Connection, Covariant Derivative
Given a vector field \(v\), \(\nabla_v\) is an operator defined on the following spaces
\[ \nabla_v : TM\to TM, \quad\nabla_v : \mathcal{O}_M\to \mathcal{O}_M\]
Which are completely determined by the two requirements \(\nabla_v f = \frac{\partial f}{\partial v}\) and \(\nabla_{e_j}e_i = \Gamma_{ij}^k e_k\).
By extending tensorially (by multiplicative law), and extending dually (by the contravariant Hom functor), we can define the covariant derivative on any tensors of \(TM\) and \(T^*M\), as well as \(\mathrm{End}(TM)=TM\otimes T^*M\).
Remark
There might be many choices of connections / covariant derivatives, on a Riemannian manifold there is a unique and canonical choice called Levi-Civita connection that it is torsion-free and metric-compatible.
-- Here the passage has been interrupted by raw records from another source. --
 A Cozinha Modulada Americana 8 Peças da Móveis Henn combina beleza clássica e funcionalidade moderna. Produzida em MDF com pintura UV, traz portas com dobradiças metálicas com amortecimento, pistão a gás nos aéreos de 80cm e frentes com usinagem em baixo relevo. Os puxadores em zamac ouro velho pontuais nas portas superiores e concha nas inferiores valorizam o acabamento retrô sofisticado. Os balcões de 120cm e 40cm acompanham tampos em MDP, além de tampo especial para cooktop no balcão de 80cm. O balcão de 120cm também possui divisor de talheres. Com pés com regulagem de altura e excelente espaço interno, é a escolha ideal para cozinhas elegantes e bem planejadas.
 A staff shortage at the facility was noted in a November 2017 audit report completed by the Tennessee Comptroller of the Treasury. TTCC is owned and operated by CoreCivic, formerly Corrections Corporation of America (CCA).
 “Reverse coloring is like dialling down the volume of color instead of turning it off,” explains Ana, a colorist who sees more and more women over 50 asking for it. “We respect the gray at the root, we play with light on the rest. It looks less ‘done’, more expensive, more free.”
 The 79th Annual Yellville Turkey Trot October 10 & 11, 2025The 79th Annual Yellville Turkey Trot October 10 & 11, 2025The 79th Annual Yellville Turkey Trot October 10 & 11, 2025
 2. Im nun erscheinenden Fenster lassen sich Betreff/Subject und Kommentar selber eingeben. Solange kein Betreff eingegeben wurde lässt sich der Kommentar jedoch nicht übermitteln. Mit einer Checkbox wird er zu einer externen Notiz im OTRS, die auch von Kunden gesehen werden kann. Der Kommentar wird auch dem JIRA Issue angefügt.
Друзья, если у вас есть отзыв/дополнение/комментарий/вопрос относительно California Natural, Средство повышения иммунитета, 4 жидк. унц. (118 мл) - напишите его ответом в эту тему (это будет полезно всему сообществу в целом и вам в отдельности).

Eta reduction and currying
If we reduce the \(v\) inside \(\nabla\), then \(\nabla\) will be an operator that attach a covector tensor term to any tensor bundle \(V\)
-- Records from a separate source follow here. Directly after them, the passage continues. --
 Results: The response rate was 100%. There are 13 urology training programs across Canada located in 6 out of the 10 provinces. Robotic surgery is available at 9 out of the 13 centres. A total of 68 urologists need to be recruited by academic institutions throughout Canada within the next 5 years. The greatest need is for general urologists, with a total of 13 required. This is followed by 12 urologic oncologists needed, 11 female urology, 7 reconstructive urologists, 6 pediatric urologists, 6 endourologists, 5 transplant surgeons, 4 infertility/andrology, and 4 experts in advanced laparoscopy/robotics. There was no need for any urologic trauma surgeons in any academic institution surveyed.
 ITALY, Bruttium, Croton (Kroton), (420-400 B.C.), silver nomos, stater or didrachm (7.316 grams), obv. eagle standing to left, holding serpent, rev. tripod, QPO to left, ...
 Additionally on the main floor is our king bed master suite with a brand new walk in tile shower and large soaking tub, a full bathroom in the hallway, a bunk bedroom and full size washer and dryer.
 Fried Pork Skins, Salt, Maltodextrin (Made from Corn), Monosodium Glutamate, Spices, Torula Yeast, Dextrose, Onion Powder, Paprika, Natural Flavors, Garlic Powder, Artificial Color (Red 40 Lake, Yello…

\[\nabla : V \to T^*M\otimes V.\]
In terms of coordinates, for example for \(V=TM\) we have the formula
\[ \nabla : TM\to TM\otimes T^*M, \quad\nabla u = \sum_j (u^i_{;j} e_i + u^i\Gamma_{ij}^k e_k) \otimes dx^j.\]
Notice that on \(TM\otimes T^*M = \mathrm{End}(TM)\) there is a natural trace map, which gives the map \(TM\xrightarrow{\nabla} \mathrm{End}(TM)\xrightarrow{\mathrm{tr}} \mathcal{O}_M\)
\[ u\mapsto u^j_{;j} + u^i\Gamma_{ij}^j \]
and this is the divergence operator on vector fields!
The map \(\nabla: TM\to \mathrm{End}(TM)\) means that covariant derivative is making \(TM\) a \(TM\)-module! (\(TM\) is not a ring though).
We can try to extend the module structure to an actual ring, the tensor ring \(T^\bullet(TM) = \bigoplus_n (TM)^{\otimes n}\), so now \(TM\) is a \(T^\bullet(TM)\)-module. (Curious: If this module does not give up things like curvature, why does \(D\)-modules have to give up them and work on flat connections only? We will see.)
Curvature Tensor
Second Covariant Derivative
How to define the second covariant derivative \(\nabla^2\)? There are two candidates:
The twice covariant derivative \(\nabla_u\circ \nabla_v\) can be reduced as
\[ \nabla^2 : V \to T^*M\otimes T^*M \otimes V.\]
This one is just \(\nabla^2_{Y,X} = \nabla_Y \circ \nabla_X\).
Define it as \(V\to T^*M \otimes V \to T^*M\otimes (T^*M\otimes V)\) where in the second arrow we take derivative for the whole \(T^*M \otimes V\).
\[ \nabla^2 : V \to T^*M\otimes T^*M \otimes V.\]
This is a bit different, in the first arrow it maps \(u\mapsto \nabla_\square u\), and in the second arrow we need to differentiate on both \(\square\) and \(u\). Differentiation on the hole \(\square\) need to take into account a negative sign and then compose \(\nabla_Y\) on the right, because of dualizing. We get
\[ \nabla_Y (\nabla_\square u) = (\nabla_Y\circ \nabla_\square)u - \nabla_{\nabla_Y \square} u,\]
therefore
\[ \nabla^2_{Y,X} = \nabla_Y \nabla_X - \nabla_{\nabla_Y X}.\]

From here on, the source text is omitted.